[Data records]
━━━
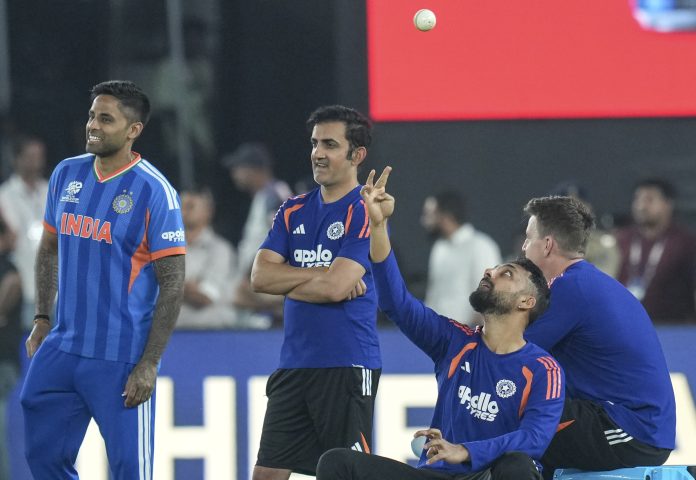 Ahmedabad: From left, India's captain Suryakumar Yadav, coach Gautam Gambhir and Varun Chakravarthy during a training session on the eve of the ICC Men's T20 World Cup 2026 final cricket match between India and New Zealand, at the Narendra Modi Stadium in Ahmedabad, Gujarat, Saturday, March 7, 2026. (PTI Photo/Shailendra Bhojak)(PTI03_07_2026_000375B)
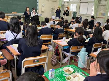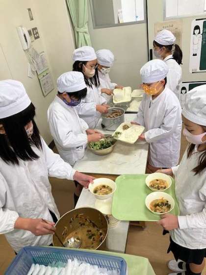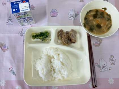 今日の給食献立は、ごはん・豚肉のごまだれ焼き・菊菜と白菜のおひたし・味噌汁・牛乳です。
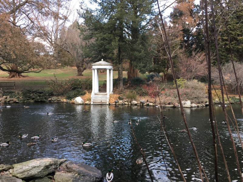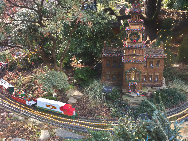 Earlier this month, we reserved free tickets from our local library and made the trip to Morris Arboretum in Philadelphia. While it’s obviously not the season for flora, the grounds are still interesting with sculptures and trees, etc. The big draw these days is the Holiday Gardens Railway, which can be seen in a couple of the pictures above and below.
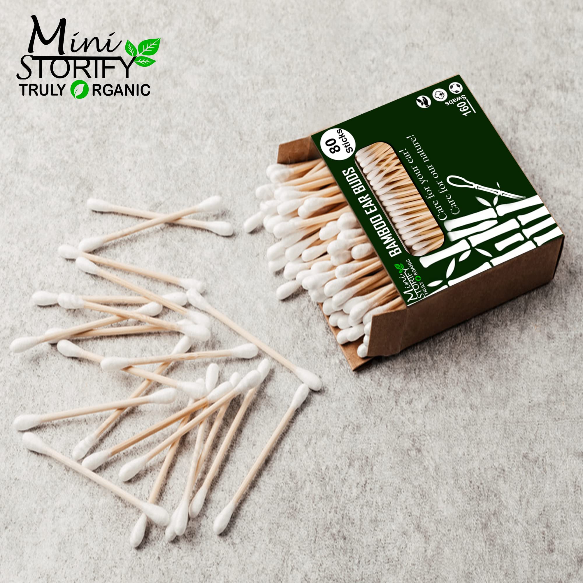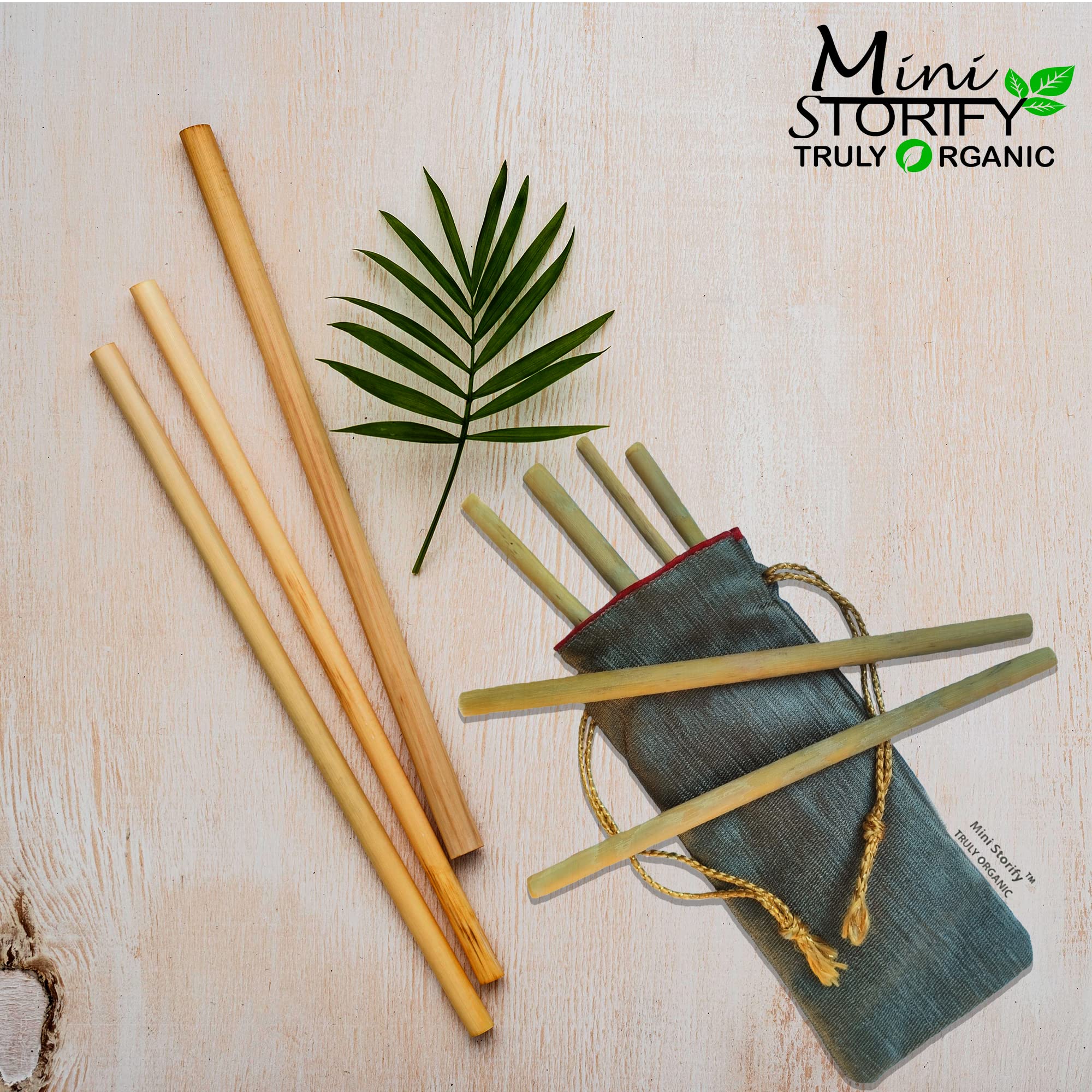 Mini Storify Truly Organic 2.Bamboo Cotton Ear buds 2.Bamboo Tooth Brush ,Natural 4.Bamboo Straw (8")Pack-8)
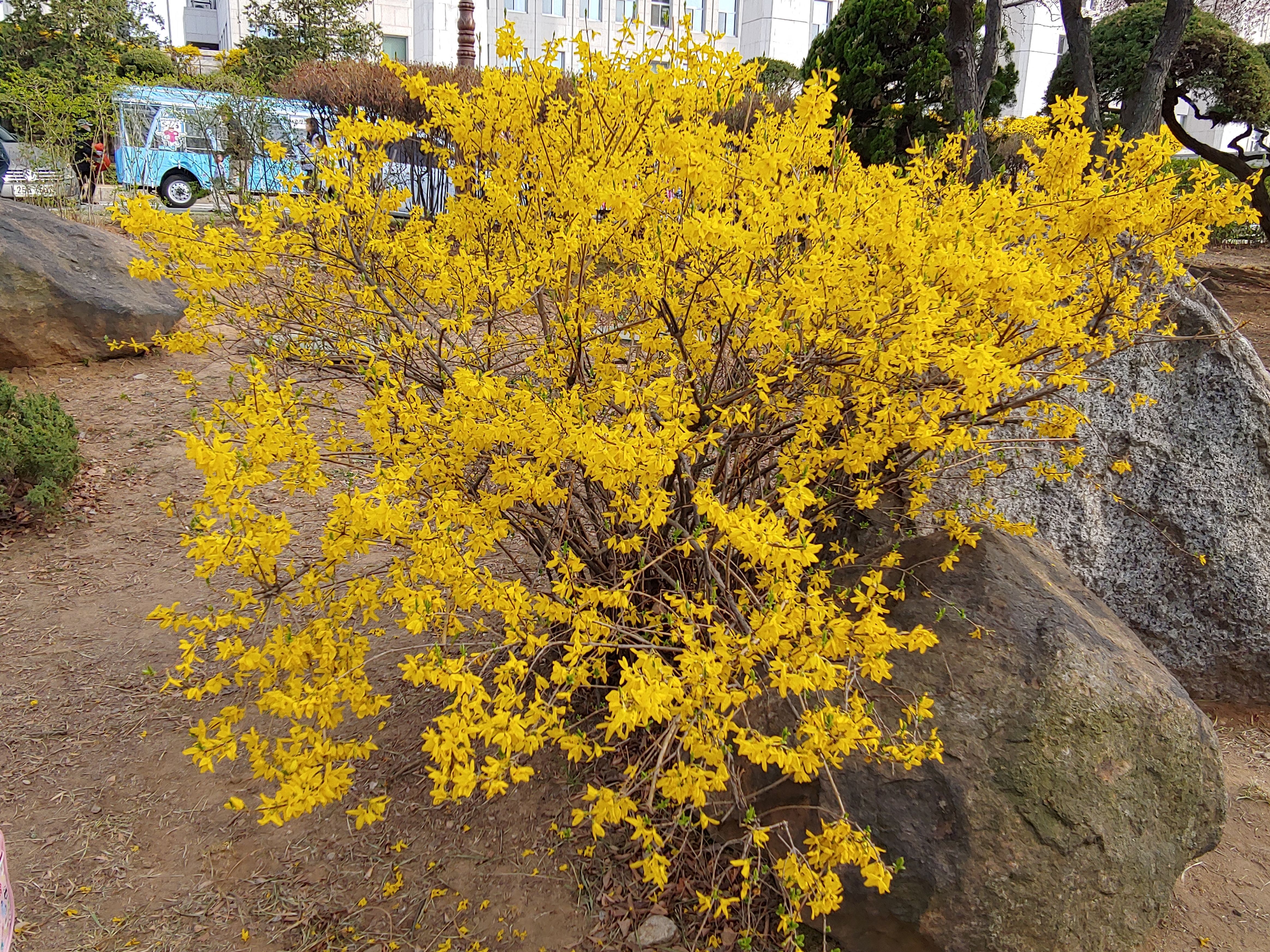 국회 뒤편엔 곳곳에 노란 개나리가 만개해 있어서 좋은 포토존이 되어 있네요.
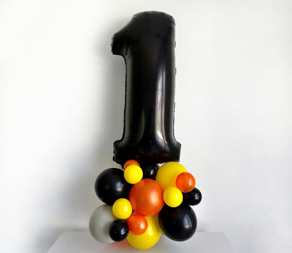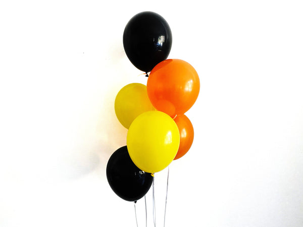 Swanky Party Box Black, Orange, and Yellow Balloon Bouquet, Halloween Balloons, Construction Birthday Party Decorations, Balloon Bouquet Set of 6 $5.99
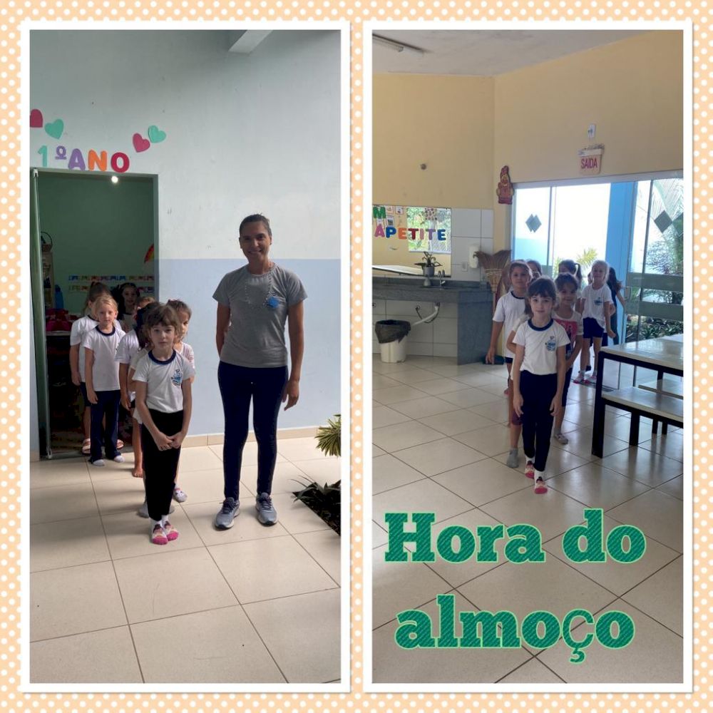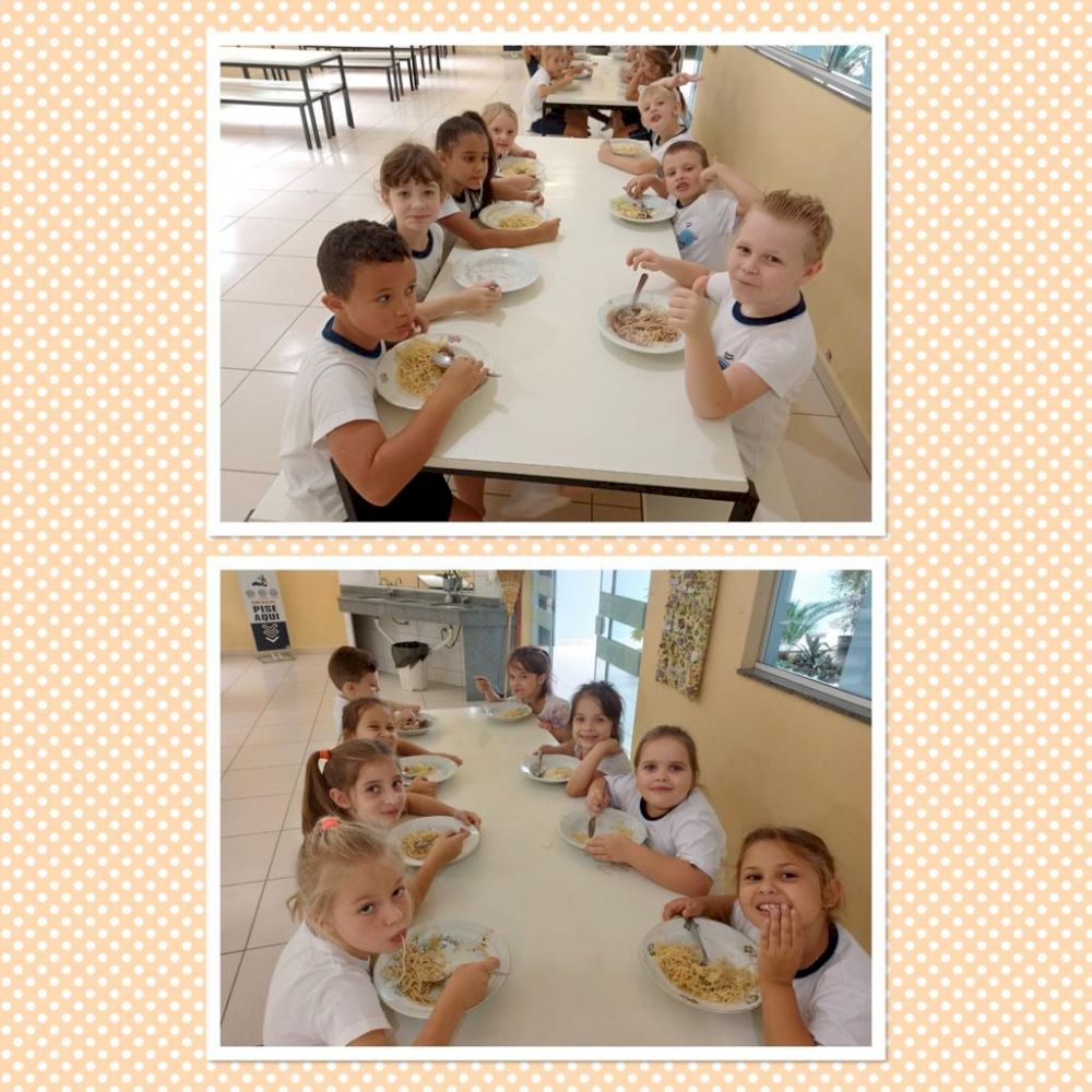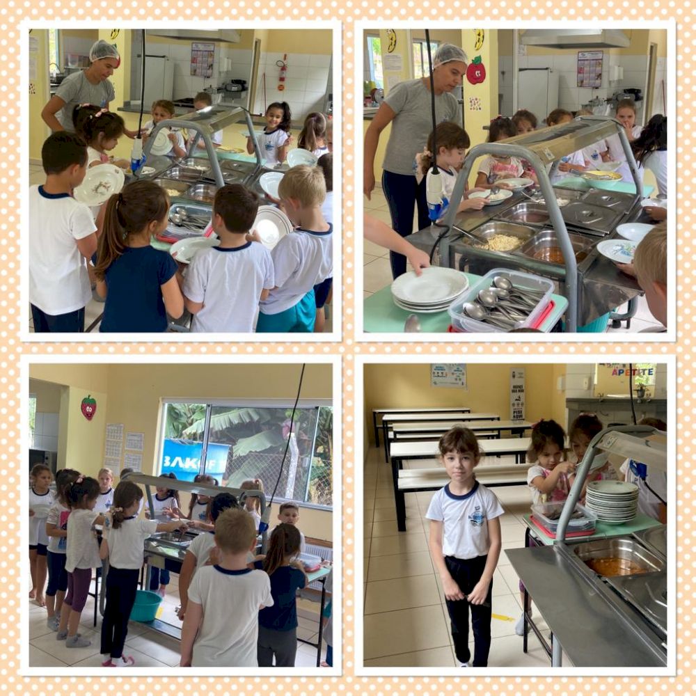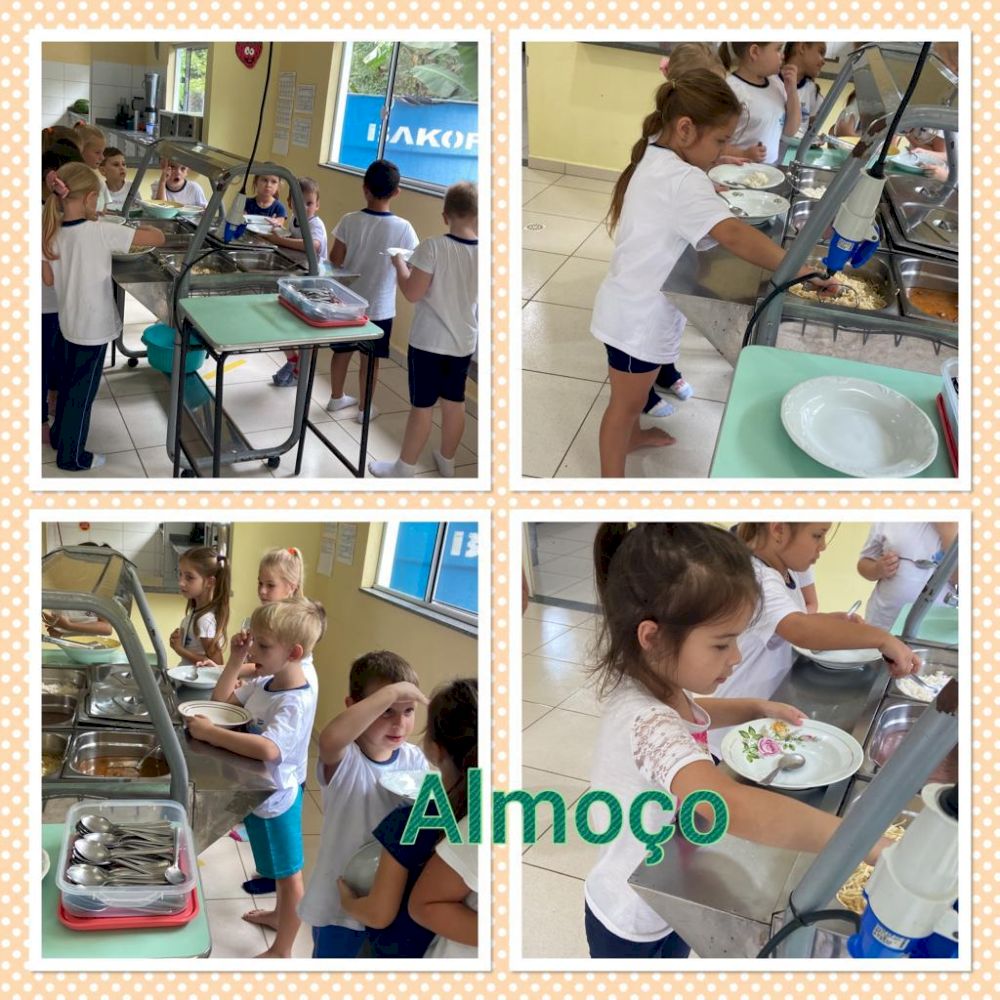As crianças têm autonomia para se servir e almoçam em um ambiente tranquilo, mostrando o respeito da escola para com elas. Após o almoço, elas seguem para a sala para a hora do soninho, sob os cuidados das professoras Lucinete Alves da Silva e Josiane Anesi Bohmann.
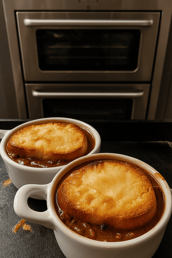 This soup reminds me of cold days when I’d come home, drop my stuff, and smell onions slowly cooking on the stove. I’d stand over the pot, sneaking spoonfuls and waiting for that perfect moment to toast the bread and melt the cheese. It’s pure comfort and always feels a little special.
━━━
*What the exercise asks*
Transcribe the entries from their first line to the line that holds "Mini Storify Truly", both included, and skip every picture.

*Result of this exercise*
 Ahmedabad: From left, India's captain Suryakumar Yadav, coach Gautam Gambhir and Varun Chakravarthy during a training session on the eve of the ICC Men's T20 World Cup 2026 final cricket match between India and New Zealand, at the Narendra Modi Stadium in Ahmedabad, Gujarat, Saturday, March 7, 2026. (PTI Photo/Shailendra Bhojak)(PTI03_07_2026_000375B)
 今日の給食献立は、ごはん・豚肉のごまだれ焼き・菊菜と白菜のおひたし・味噌汁・牛乳です。
 Earlier this month, we reserved free tickets from our local library and made the trip to Morris Arboretum in Philadelphia. While it’s obviously not the season for flora, the grounds are still interesting with sculptures and trees, etc. The big draw these days is the Holiday Gardens Railway, which can be seen in a couple of the pictures above and below.
 Mini Storify Truly Organic 2.Bamboo Cotton Ear buds 2.Bamboo Tooth Brush ,Natural 4.Bamboo Straw (8")Pack-8)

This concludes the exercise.